5) formulae to evaluate
After that I practised a little to get the right formulae. My plan was to construct something that used the function =Indirect(). I needed nothing from column A. These were labels; handy but just in the way for me. Column B was what I wanted. My plan was to create a whole bunch of formula; open up all the files; allow the formulae to evaluate; convert to values; save HTML_catalog. Job done.
It wasn’t that simple, these things never are. I thought at first that all I needed was to pick up B1, B2, B3 for the title and dates of the post; and maybe a couple of paragraphs – say B4, B5 and B6, just to be on the safe side. However, some of my posts have the odd blank line in.
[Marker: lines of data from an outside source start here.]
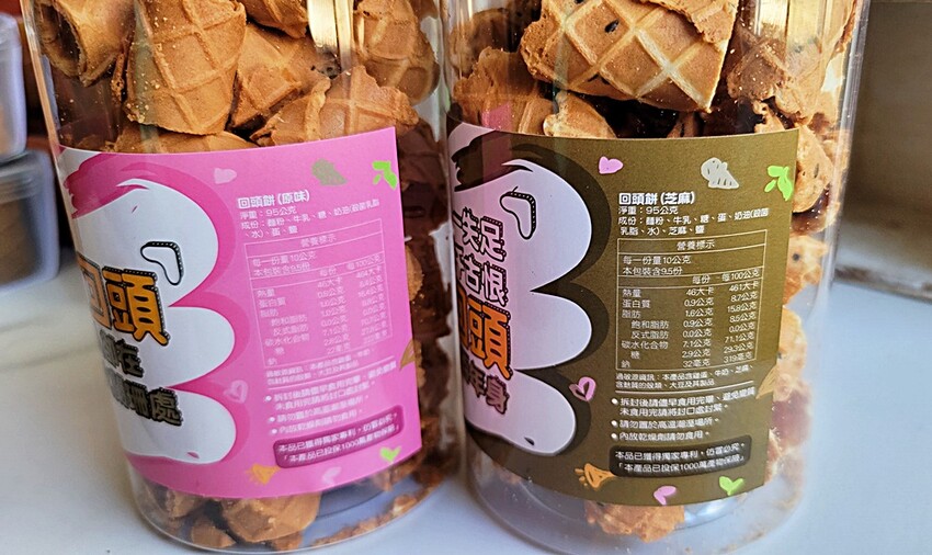 以純鮮奶脆餅用機器高速切割避免破碎,將原本如同蛋捲長度的鮮奶脆餅前端及後端切割下來稱為回頭餅,大小長度剛好一口一個超涮嘴,而且會發現的是回頭餅的那酥脆度更明顯,畢竟這是在兩頭的底部帶點薄酥,相對地更涮嘴。
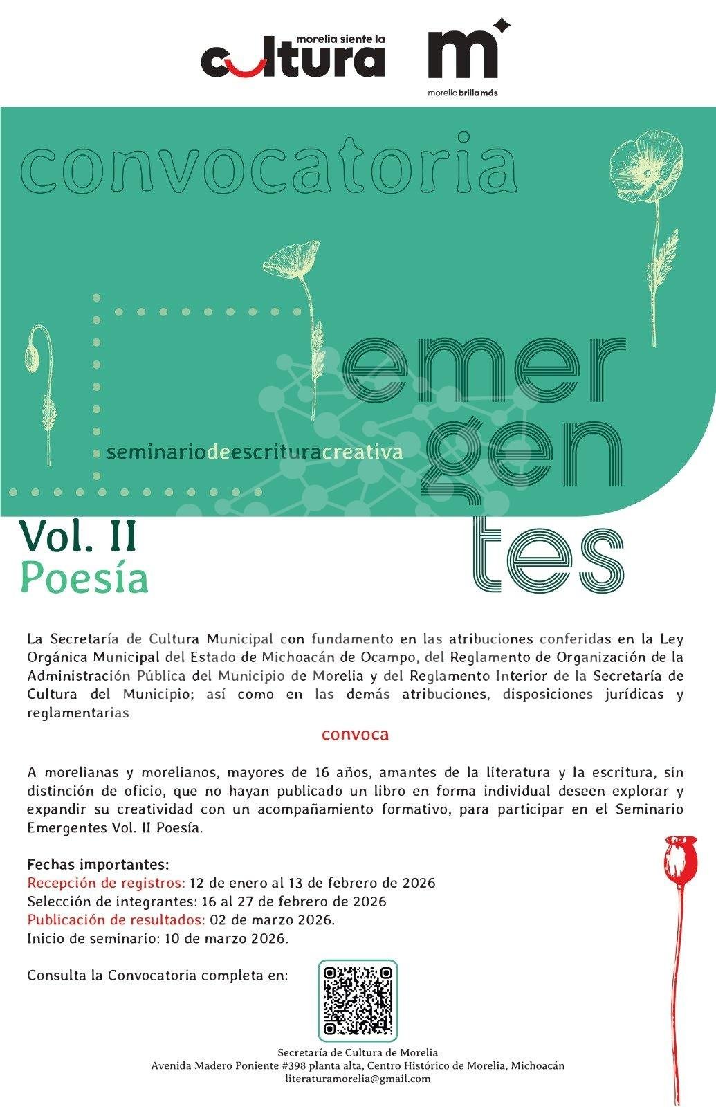 Morelia, Michoacán, a 13 de enero de 2026.- Con el objetivo de fortalecer la creación literaria local y dar continuidad a los procesos formativos impulsados desde el ámbito cultural, el Gobierno de Morelia, que encabeza el presidente municipal Alfonso Martínez Alcázar, por medio de la Secretaría de Cultura (SeCultura), convoca a poetas morelianas y morelianos a participar en el seminario “Emergentes Vol. II Poesía”.
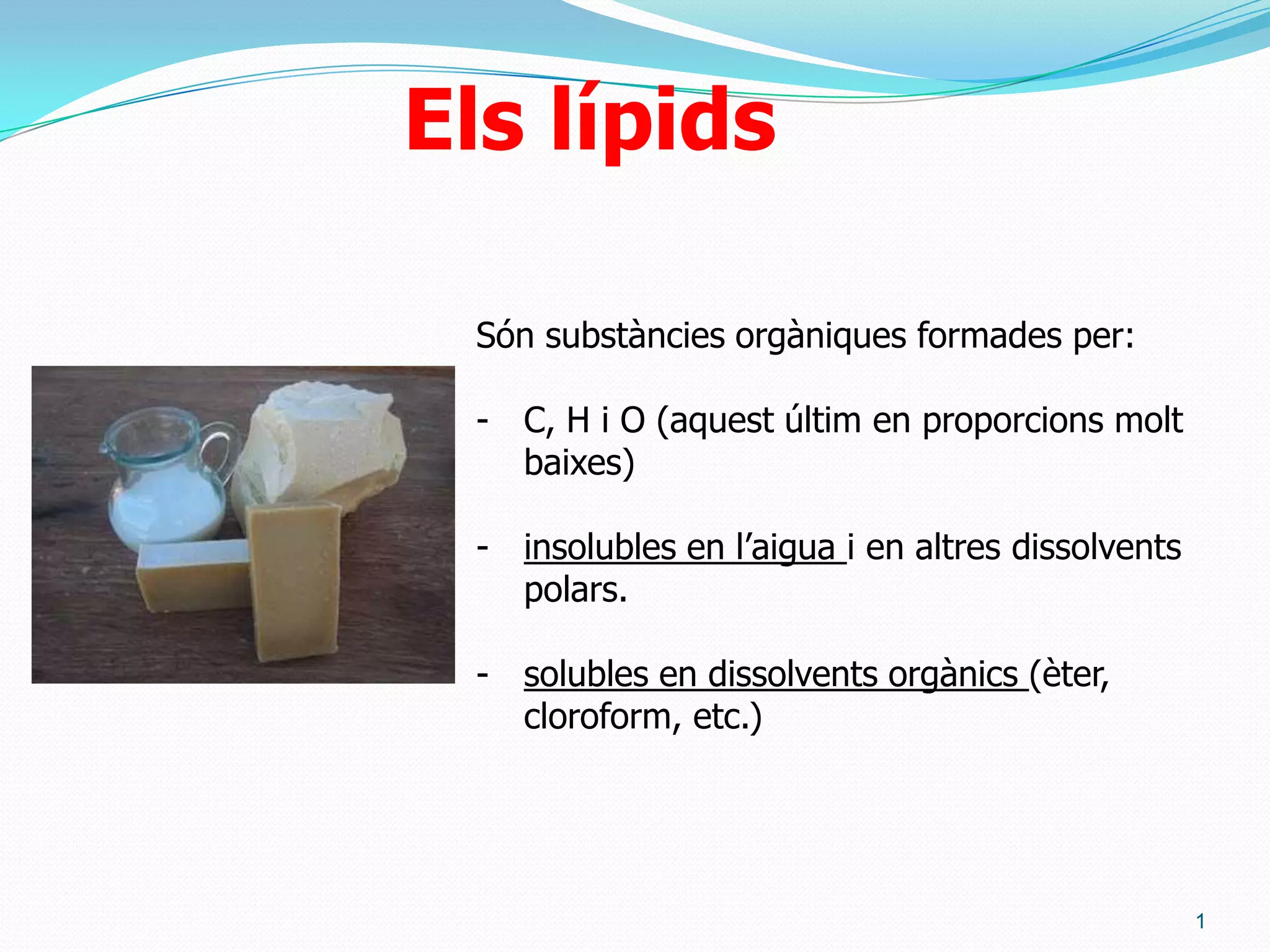 12Elslípids saponificablesHololípids, lípidssimples o greixos: acilglicèridsEstàn mancats de polaritat. Per això s’anomenen greixos neutres.Aquest enllaç es pot trencar per:- Hidròlisi: trencament d’un enllaç orgànic en presència d’aigua i potenciat per temperatura, presència de àcids o de sals- Saponificació: fer bullir-los en hidròxid sòdic o potàssic donant lloc a un sabó

Some of them were plainly tables and I needed to capture enough info to know what was in the tables – add 10 cells – to B16. Then I thought – how cool would it be to grab the whole post. I had the spreadsheet, I had the formulae, I wasn’t likely to repeat the process – why not go whole hog? I went down as far at B70. Even then some posts were truncated.
And because I’m an awkward so-and-so, I constructed the formulae to transpose the info (columns to rows…) this made the data structure manageable.

5) load the files
Finally I was satisfied with my formulae. It was time to load the html files into Excel. I did this in stages. Firat I loaded 5 files – to check how it handled, and how the data came through; then I did 20 files; then 100 – then the balance. there were 600 in all (euchh). it took 20 minutes to get all open at the same time.

6) formulae notes
A11:A610 – filenames as text:
e.g. in A11 I had 506634748
in A12: 506646849
You noticed my html files had numbers for names.

C10:BY10 – text entries for indirect formula – cell reference
in C10: B1
in D10: B2
in E10 B3
all the way to BY10: B75

B11:B610 – indirect formula – file reference
in B11 =”‘”&$A11&”.html’!”
in B12 =”‘”&$A12&”.html’!”


C11:BY610 – generate indirect references
in C11 =$B11&C$10
in C12 =$B12&C$10

in D11 =$B11&D$10

CC11:EY610 – evaluate indirect references

7) It was a little more complicated than that


but I think that’s sufficient flavour.

So, going back to those old blog posts, I thought it worth while to dig out those on Plato’s Republic.
The Republic
Philosopher Kings and Forms (to the Corruption of Philosophy)
The Prejudice Against Philosophy
The Good as Ultimate Object of Knowledge
The Simile of the Sun
Moving onto the Cave

Maybe sometime, I’ll dig more out. Perhaps those relating to when the credit crisis exploded in everyone’s faces, during Gordon Brown’s tenure.

Right now, I need to get back to writing.